[Work request] Using the records below, copy exactly the part that opens with the line holding "黃陵是蘋果、翡翠梨等果品生產" and closes with the line holding "추가적인 인센티브의 지급은", minus the pictures.

[Dataset records]
====================

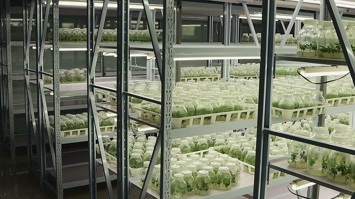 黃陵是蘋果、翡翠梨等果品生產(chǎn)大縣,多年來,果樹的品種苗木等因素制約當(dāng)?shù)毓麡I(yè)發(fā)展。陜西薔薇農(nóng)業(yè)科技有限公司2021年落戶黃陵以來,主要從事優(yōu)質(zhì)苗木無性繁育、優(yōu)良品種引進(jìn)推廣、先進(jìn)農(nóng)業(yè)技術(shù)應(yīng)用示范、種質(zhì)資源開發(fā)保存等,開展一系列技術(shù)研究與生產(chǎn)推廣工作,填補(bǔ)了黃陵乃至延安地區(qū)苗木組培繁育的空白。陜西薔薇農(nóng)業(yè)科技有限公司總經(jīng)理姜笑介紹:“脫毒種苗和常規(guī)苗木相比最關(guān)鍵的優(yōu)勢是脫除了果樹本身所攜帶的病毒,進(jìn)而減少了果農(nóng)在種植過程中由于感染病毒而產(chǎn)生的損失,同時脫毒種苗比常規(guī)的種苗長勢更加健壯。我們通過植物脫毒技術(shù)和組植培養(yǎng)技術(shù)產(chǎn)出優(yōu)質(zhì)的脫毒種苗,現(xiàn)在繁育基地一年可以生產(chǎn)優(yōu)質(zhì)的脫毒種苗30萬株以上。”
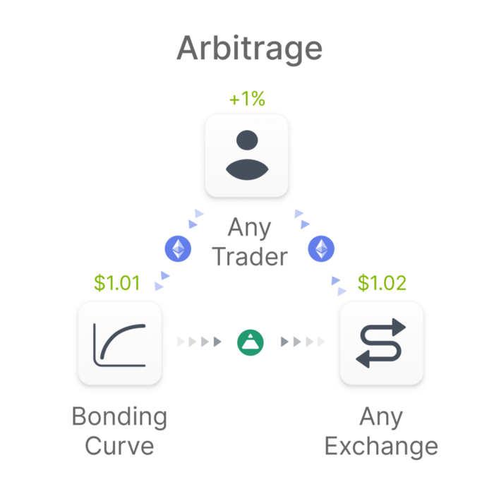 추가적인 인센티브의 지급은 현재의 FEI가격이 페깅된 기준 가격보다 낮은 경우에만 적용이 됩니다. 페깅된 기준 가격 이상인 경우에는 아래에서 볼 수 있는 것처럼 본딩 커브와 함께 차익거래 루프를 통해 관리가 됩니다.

====================

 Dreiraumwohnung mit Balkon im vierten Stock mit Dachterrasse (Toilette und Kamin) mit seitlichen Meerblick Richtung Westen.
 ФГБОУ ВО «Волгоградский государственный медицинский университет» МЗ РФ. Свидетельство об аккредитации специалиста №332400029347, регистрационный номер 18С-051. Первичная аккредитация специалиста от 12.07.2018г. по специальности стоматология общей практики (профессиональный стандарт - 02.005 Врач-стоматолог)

====================

[Response to the task]
 黃陵是蘋果、翡翠梨等果品生產(chǎn)大縣,多年來,果樹的品種苗木等因素制約當(dāng)?shù)毓麡I(yè)發(fā)展。陜西薔薇農(nóng)業(yè)科技有限公司2021年落戶黃陵以來,主要從事優(yōu)質(zhì)苗木無性繁育、優(yōu)良品種引進(jìn)推廣、先進(jìn)農(nóng)業(yè)技術(shù)應(yīng)用示范、種質(zhì)資源開發(fā)保存等,開展一系列技術(shù)研究與生產(chǎn)推廣工作,填補(bǔ)了黃陵乃至延安地區(qū)苗木組培繁育的空白。陜西薔薇農(nóng)業(yè)科技有限公司總經(jīng)理姜笑介紹:“脫毒種苗和常規(guī)苗木相比最關(guān)鍵的優(yōu)勢是脫除了果樹本身所攜帶的病毒,進(jìn)而減少了果農(nóng)在種植過程中由于感染病毒而產(chǎn)生的損失,同時脫毒種苗比常規(guī)的種苗長勢更加健壯。我們通過植物脫毒技術(shù)和組植培養(yǎng)技術(shù)產(chǎn)出優(yōu)質(zhì)的脫毒種苗,現(xiàn)在繁育基地一年可以生產(chǎn)優(yōu)質(zhì)的脫毒種苗30萬株以上。”
 추가적인 인센티브의 지급은 현재의 FEI가격이 페깅된 기준 가격보다 낮은 경우에만 적용이 됩니다. 페깅된 기준 가격 이상인 경우에는 아래에서 볼 수 있는 것처럼 본딩 커브와 함께 차익거래 루프를 통해 관리가 됩니다.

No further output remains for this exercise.